Avec 91,8 % des suffrages exprimés en faveur de la nouvelle Constitution, le Gabon tourne une page historique, mais les critiques sur le processus et les intentions du régime militaire restent vives. Ce référendum, orchestré par le général Brice Oligui Nguema, marque un jalon dans la transition entamée après le coup d’État du 30 août 2023. Mais derrière l’enthousiasme officiel, les doutes persistent.
Une victoire sans surprise, mais une faible participation
Le taux de participation de 53,54 %, bien en dessous des prévisions initiales de 71 %, nuance la légitimité d’un texte censé représenter un « tournant majeur ». Plus de 868 000 Gabonais étaient appelés aux urnes pour trancher entre le vert (oui) et le rouge (non). Si les résultats définitifs doivent encore être validés par la Cour constitutionnelle, le régime savoure déjà sa victoire.
Pourtant, certains se demandent si cette large approbation est réellement le fruit d’un engouement populaire ou plutôt le reflet d’une campagne verrouillée par une propagande omniprésente.
Une Constitution sur mesure ?
Avec 173 articles, le texte redéfinit les fondations politiques du pays : mandat présidentiel de sept ans renouvelable une seule fois, absence de Premier ministre, et une limitation claire des mandats pour éviter la transmission dynastique du pouvoir. Des dispositions intangibles, comme le mariage réservé à deux individus de sexes opposés ou l’instauration d’un service militaire obligatoire pour tous, viennent compléter ce cadre institutionnel rigide.
Mais ce n’est pas tout. L’article 170 offre une amnistie totale aux acteurs du coup d’État et des événements qui ont suivi. « La Fête de la libération », gravée dans la nouvelle Loi fondamentale, semble davantage célébrer la prise de pouvoir de la junte que l’avenir démocratique du pays.
Une élection présidentielle sous tension
La prochaine étape de cette transition sera l’élection présidentielle prévue en août 2025. Le général Oligui, qui a promis de rendre le pouvoir aux civils, ne cache pourtant pas ses ambitions politiques. À Libreville, il promet un « essor vers la félicité » pour un pays aux immenses ressources pétrolières mais lourdement endetté.
Cependant, cette promesse contraste avec les critiques des opposants qui dénoncent une Constitution consolidant un régime autoritaire. Certains y voient une stratégie savamment orchestrée pour pérenniser le pouvoir de l’actuel homme fort du Gabon sous un vernis institutionnel.

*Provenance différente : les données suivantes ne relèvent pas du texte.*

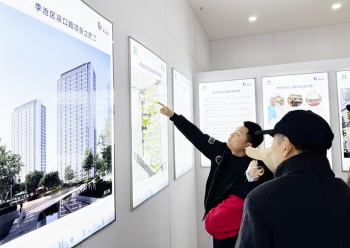 市民正在长沙路46号查看户型图并咨询保障房配售情况。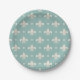 Grey Fleur De Lis pattern on turquoise background Paper Plate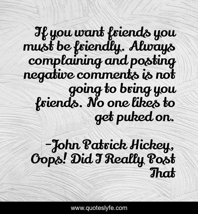 This page presents the quote "If you want friends you must be friendly. Always complaining and posting negative comments is not going to bring you friends. No one likes to get puked on.". Author of this quote is John Patrick Hickey, Oops! Did I Really Post That. This quote is about etiquette, social-media, success, civility, manners, personal-development, kindness,.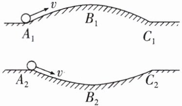 6. 核心素养 物理观念 如图所示,两个相同的光滑弧形槽,一个为$A_1B_1C_1$凸形,一个为$A_2B_2C_2$凹形,两个相同小球进入两弧形槽的速度都为v,运动到槽的末端速度也都为v,小球通过凸形槽的时间为$t_1,$通过凹形槽的时间为$t_2,$则$t_1、$$t_2$的关系为 (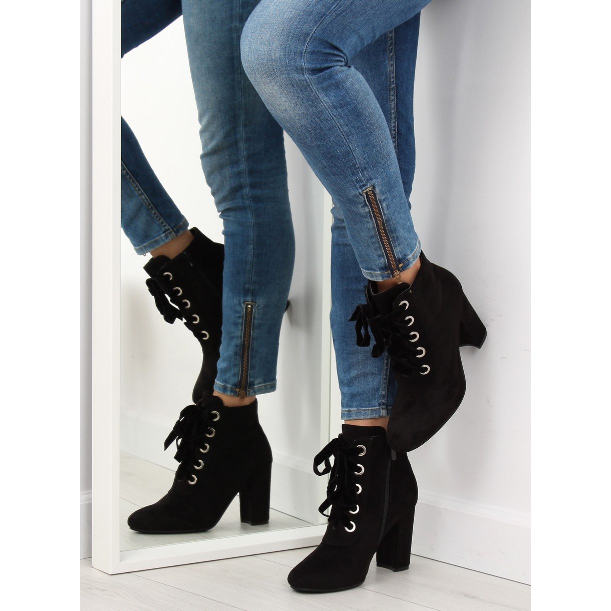 Les bottines à lacets noires ZH781 sont le choix parfait pour les femmes qui apprécient le style et le confort au quotidien. Ces bottes élégantes dotées d'un talon stable de 9 cm allient design moderne et fonctionnalité. Au lieu des lacets traditionnels, un ruban de velours est utilisé, ce qui constitue un accent à la mode, en phase avec les tendances actuelles.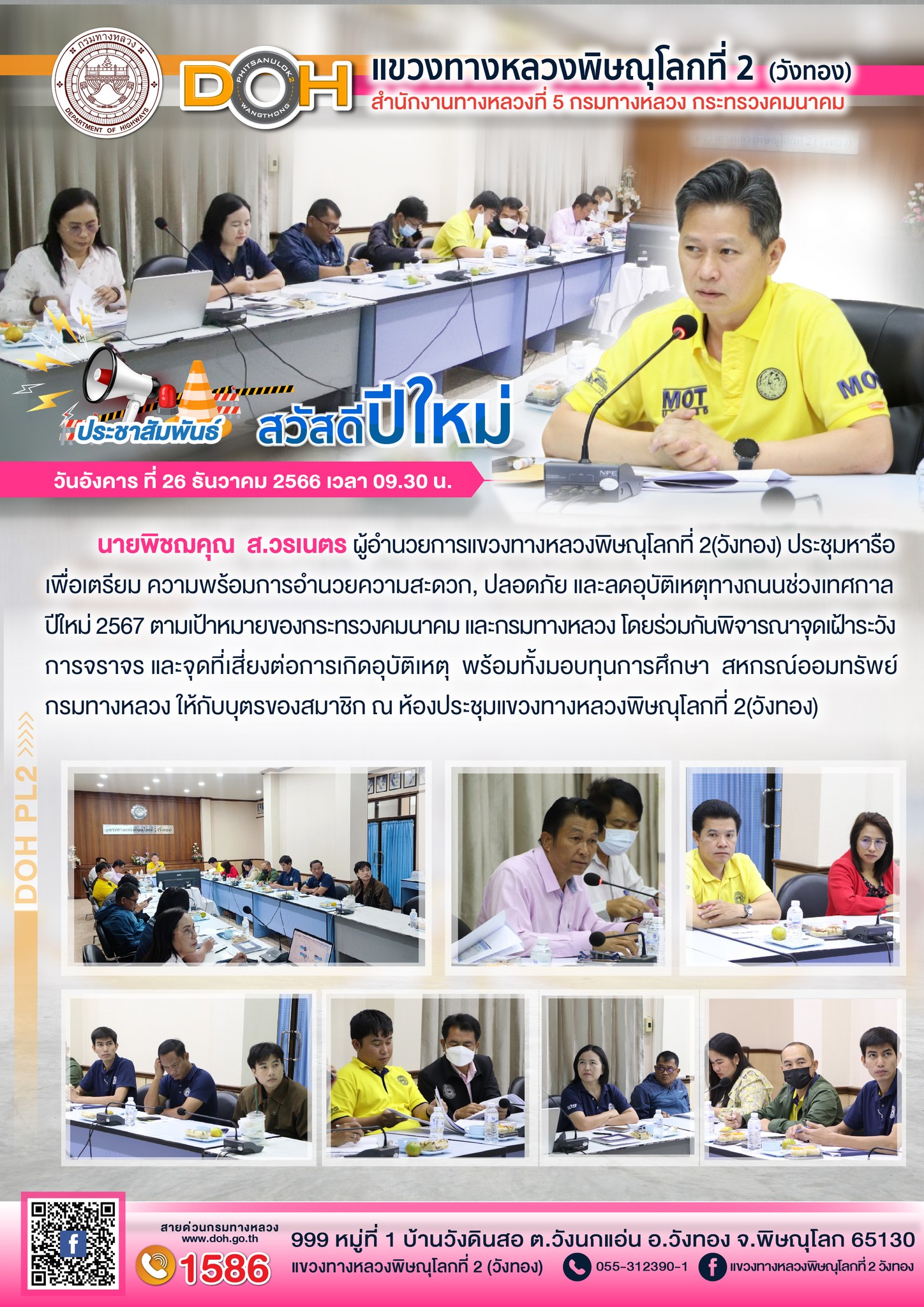 วันอังคารที่ 26 ธันวาคม 2566 เวลา 09.30 น. นายพิชฌคุณ ส.วรเนตร ผู้อำนวยการแขวงทางหลวงพิษณุโลกที่ 2(วังทอง) ประชุมหารือเพื่อเตรียม

Une transition sous surveillance
Malgré l’apparente sérénité du scrutin, des zones d’ombre subsistent. Les observateurs internationaux, pour la première fois invités à surveiller l’élection, n’ont pas eu accès au dépouillement dans certains bureaux de vote. Une pratique qui, selon le Réseau d’observateurs citoyens (ROC), soulève des questions sur la transparence réelle du processus.
Dans ce climat, le couvre-feu instauré depuis le coup d’État reste en vigueur, symbolisant une transition encore sous contrôle militaire.
Une fête ou un écran de fumée ?
Alors que le régime célèbre cette nouvelle Constitution comme un moment historique, les critiques ne manquent pas de rappeler qu’un plébiscite dans un contexte de contrôle militaire n’est pas forcément synonyme d’adhésion populaire. Pour l’opposition, il s’agit moins d’une libération que d’une réorganisation autoritaire.
L’histoire retiendra peut-être ce référendum comme une étape importante, mais elle jugera aussi si le général Oligui a tenu sa promesse de bâtir un Gabon véritablement « pour tous ». Pour l’instant, la méfiance demeure, et l’avenir du pays reste suspendu à une transition dont les intentions réelles divisent profondément.